Its a multiply and divide (mod is a divide) as opposed to a sin() so its still cheaper, but its a bit more complicated, and of course the accuracy of the result is limited to the number of sines you calculated on init.

I think that maths is right, im not in front of avs so I cant check.

UnConeD

21st February 2005 21:30 UTC

Look-up tables are known to be slower than the FPU in many, many cases. Megabuf access is slow as well, as it is stored in chunks of 16KB and allocated dynamically. Every access requires a check.

^..^

21st February 2005 22:43 UTC

im about making a preset to compare both kinds of calculation. But as i thought i would get stuck, cause i didn't have enough time to learn the correct use of loop/megabuf/assign until recently.

However, it'd be nice if you could have a look: here

PAK-9

23rd February 2005 20:58 UTC

Originally posted by UnConeD
Look-up tables are known to be slower than the FPU in many, many cases. Megabuf access is slow as well, as it is stored in chunks of 16KB and allocated dynamically. Every access requires a check.

I still maintain that retrieving the item of the stack is quicker than a sine, I'll have to check evallib to see the exact full method by which each is performed but I would be very surprised to find otherwise.

UnConeD

27th February 2005 06:50 UTC

From megabuf.c in ns-eel:


static double * NSEEL_CGEN_CALL megabuf_(double ***blocks, double *which)
{
  static double error;
  int w=(int)(*which + 0.0001);
  int whichblock = w/MEGABUF_ITEMSPERBLOCK;

  if (!*blocks)
  {
    *blocks = (double **)GlobalAlloc(GPTR,sizeof(double *)*MEGABUF_BLOCKS);
  }
  if (!*blocks) return &error;

  if (w >= 0 && whichblock >= 0 && whichblock < MEGABUF_BLOCKS)
  {
    int whichentry = w%MEGABUF_ITEMSPERBLOCK;
    if (!(*blocks)[whichblock])
    {
      (*blocks)[whichblock]=(double *)GlobalAlloc(GPTR,sizeof(double)*MEGABUF_ITEMSPERBLOCK);
    }
    if ((*blocks)[whichblock])
      return &(*blocks)[whichblock][whichentry];
  }

  return &error;
}

static double * (NSEEL_CGEN_CALL *__megabuf)(double ***,double *) = &megabuf_;
__declspec ( naked ) void _asm_megabuf(void)
{
  double ***my_ctx;
  double *parm_a, *__nextBlock;
  __asm { mov edx, 0xFFFFFFFF }
  __asm { mov ebp, esp }
  __asm { sub esp, __LOCAL_SIZE }
  __asm { mov dword ptr my_ctx, edx }
  __asm { mov dword ptr parm_a, eax }
  
  __nextBlock = __megabuf(my_ctx,parm_a);

  __asm { mov eax, __nextBlock } // this is custom, returning pointer
  __asm { mov esp, ebp }
}
__declspec ( naked ) void _asm_megabuf_end(void) {}

If you can't figure it out (it's justin-style coding):

_asm_megabuf is the ASM code for the AVS function megabuf(x)
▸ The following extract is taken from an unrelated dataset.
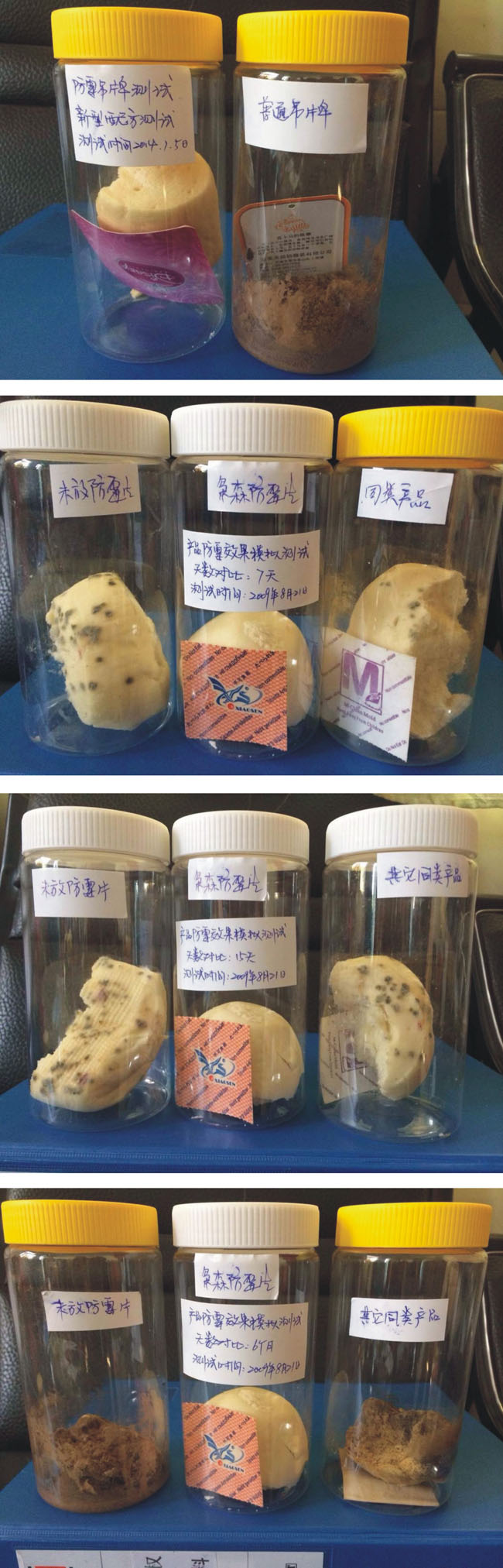 防霉模擬測式法。在隨大貨抽檢撕下一片防霉片放入透明的玻璃杯中,再在杯中放入半個(gè)饅頭,同時(shí)準(zhǔn)備兩個(gè)杯,一個(gè)放防霉片,一個(gè)不放防霉片,同時(shí)蓋好兩個(gè)杯子的杯蓋。在把杯蓋上寫好作實(shí)驗(yàn)的時(shí)間,這樣兩個(gè)杯子的模擬測試就作成了。28天內(nèi)你可以隨時(shí)觀察兩個(gè)杯子的發(fā)霉情況,如果放防霉片的杯子在3到6個(gè)月沒啥變化,那么這個(gè)品牌的防霉片就絕對沒有問題了!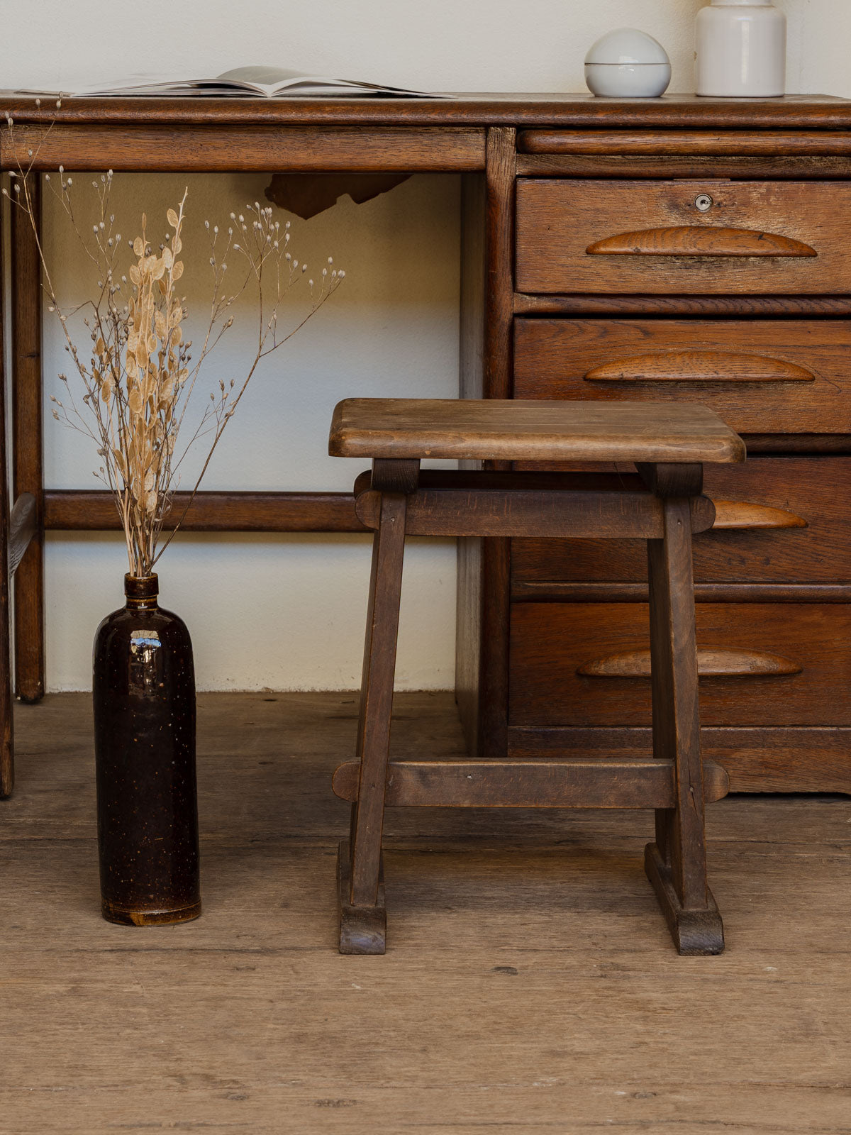 Adoptez ce tabouret ancien en chêne au travail raffiné. Ses lignes sobres et sa structure robuste racontent un savoir-faire artisanal, offrant une assise stable qui s'intègre naturellement dans une cuisine, un atelier ou un salon. La chaleur du bois et la patine légère apportent une présence chaleureuse et élégante, parfaite pour compléter une décoration vintage ou contemporaine, tandis que les détails de tournage soulignent son authenticité.

It calls __megabuf, which is in fact the same as megabuf_, just with a slightly different declaration:

static double * (NSEEL_CGEN_CALL *__megabuf)(double ***,double *) = &megabuf_;

And megabuf_ is the huge-ass function at the top.

Now, for sin, the asm code for the function is:


  __asm 
  {
    fld qword ptr [eax]
    fsin
    mov eax, esi
    fstp qword ptr [esi]
    add esi, 8
  }

Still convinced megabuf is faster?

^..^

27th February 2005 11:56 UTC

wow, the code behind megabuf is huge! Although it is beyond me to understand that code :eek: But all this is executed when avs uses megabuf or gmegabuf?
OK, i see that calculating a sin here is actually faster than retrieving data from the megabuf, though it seems strange when you look at it with pure logic.

btw: how did you look up the code for sin and megabuf? Can it be red from the vis_avs.dll?

PAK-9

27th February 2005 16:34 UTC

Just because the megabuf code is long and convoluted doesnt mean its slower. The sine function looks all lovely and neat but it doesnt have any clever hacks, the bottom line is it calls an fsin which is 16-126 clock cycles, and we're double precision here so most of the time I reckon your looking at the upper end of that figure.

The megabuf function is almost entirely mov instructions which are... you guessed it... a big fat 1 clock cycle each. In fact depending on the alignment of code in memory accessing data from a register can be LESS than 1 clock cycle. I think I also see a sub, thats 2 clock cycles, an add, thats about 2. Those condition statements, all the if's, are jne's jnz's etc.. which are mostly 3 clock cycles.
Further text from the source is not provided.